AttackER: Towards Enhancing Cyber-Attack Attribution with a Named Entity Recognition Dataset
Pritam Deka, Sampath Rajapaksha, Ruby Rani, Amirah Almutairi, Erisa Karafili
TL;DR
AttackER introduces the first NER-centric dataset for cyber-attack attribution, linking 18 STIX 2.1-aligned entity types across 2640 annotated sentences from 217 sources. It compares spaCy, Huggingface transformers, and instruction-tuned LLMs (GPT-3.5, Llama-2, Mistral-7B) on the NER task, highlighting strong gains from annotation quality, fine-tuning, and prompt design. The work provides dataset and model releases, demonstrates the feasibility of automated attribution assistance, and discusses ground-truth alignment as a key factor in evaluating LLM performance. Future work aims to scale the dataset, extract relationships, and build end-to-end tools for attribution support and cyber-investigation QA.
Abstract
Cyber-attack attribution is an important process that allows experts to put in place attacker-oriented countermeasures and legal actions. The analysts mainly perform attribution manually, given the complex nature of this task. AI and, more specifically, Natural Language Processing (NLP) techniques can be leveraged to support cybersecurity analysts during the attribution process. However powerful these techniques are, they need to deal with the lack of datasets in the attack attribution domain.
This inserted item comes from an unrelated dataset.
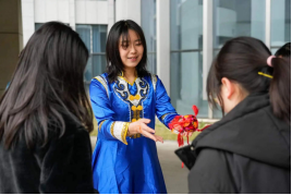 本次活动以“初春”为主题,以游乐会的形式进行,包括“彩绘风筝,‘易’同迎春”、“‘易’同书写,春日浪漫”、“春‘易’盎然,击鼓传花”、“风铃摇曳,‘易’同聆听”、“‘易’趣投壶,雅韵天成”五个部分,内容丰富、形式多样。活动现场气氛热烈,参与学生热情高涨,少数民族同学身穿民族服饰,通过丰富多彩的风采展示和互动游戏,不仅展现了少数民族的独特魅力,也增进了民族之间的文化融合。国际留学生也积极参与其中,通过彩绘风筝、击鼓传花等环节,在寓教于乐中感悟中国传统文化的魅力,增进了国际文化交流。

In this work, we will fill this gap and will provide, to the best of our knowledge, the first dataset on cyber-attack attribution. We designed our dataset with the primary goal of extracting attack attribution information from cybersecurity texts, utilizing named entity recognition (NER) methodologies from the field of NLP. Unlike other cybersecurity NER datasets, ours offers a rich set of annotations with contextual details, including some that span phrases and sentences. We conducted extensive experiments and applied NLP techniques to demonstrate the dataset's effectiveness for attack attribution. These experiments highlight the potential of Large Language Models (LLMs) capabilities to improve the NER tasks in cybersecurity datasets for cyber-attack attribution.